Wenn Essen krank macht – Unverträglichkeit, Intoleranz und Allergie

Wenn Essen krank macht – Unverträglichkeit, Intoleranz und Allergie

Bauchgrummeln nach dem Essen – Lebensmittelallergie oder Unverträglichkeit?

Umgangssprachlich werden Lebensmittelallergien und -intoleranzen oft in einen Topf geworfen. Dabei handelt es sich um zwei grundverschiedene Probleme. Wir klären auf, worin sie sich unterscheiden, was die Auslöser sind und welche Beschwerden auftreten. Zudem verraten wir ein paar Tipps, wie Sie Ihr Risiko für eine Allergie oder Intoleranz mindern können.

 

Allergie oder Intoleranz – was ist der Unterschied?

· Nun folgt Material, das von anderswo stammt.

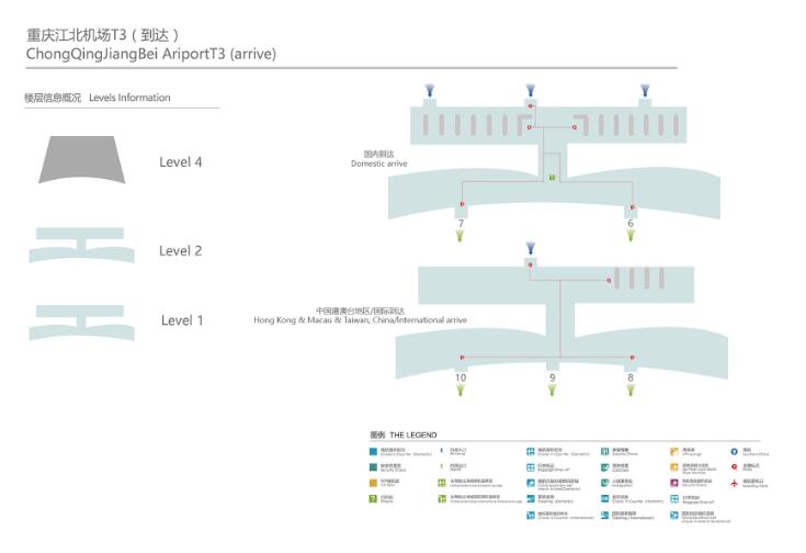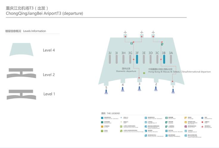 重庆江北国际机场T3A航站楼L4层3F岛(出发3-4号门之间)

Eine Lebensmittelallergie ist eine Immunreaktion des Körpers. Das Immunsystem ist bestimmten Bestandteilen von Nahrungsmitteln feindlich gegenüber eingestellt. Wenn diese Bestandteile aufgenommen werden, reagiert das Abwehrsystem überempfindlich darauf.

Deshalb müssen folgende Inhaltsstoffe von verpackten Lebensmitteln gekennzeichnet sein:

  • Eier
  • Erdnüsse
  • Fisch
  • Gluten
  • Krebstiere
  • Lupinen
  • Milch (insbesondere Laktose)
  • Schalenfrüchte, z. B. Haselnüsse
  • Schwefeldioxid und Sulfit (Konzentration über 10 mg/kg oder 10 mg/l)
  • Sellerie
  • Senf
  • Sesamsamen
  • Sojabohnen
  • Weichtiere, z. B. Muscheln

Bei einer Lebensmittelunverträglichkeit, medizinisch Lebensmittelintoleranz genannt, ist die Fähigkeit des Darms, bestimmte Bestandteile von Lebensmitteln richtig zu verdauen oder zu verarbeiten, eingeschränkt. Folgende Intoleranzen sind typisch:

 

Fruktoseintoleranz

Fructose ist der natürliche Süßstoff im Obst. Zwischen 35 und 50 Gramm können auf einmal vom Körper abgebaut werden, bei Personen mit einer Fruktoseintoleranz liegt die Zahl jedoch bei unter 25 Gramm. Ihnen fehlt ein bestimmtes Eiweiß, das für den Zuckertransport verantwortlich ist: Die Fructose wird unverdaut in den Darm transportiert und von den dortigen Bakterien abgebaut.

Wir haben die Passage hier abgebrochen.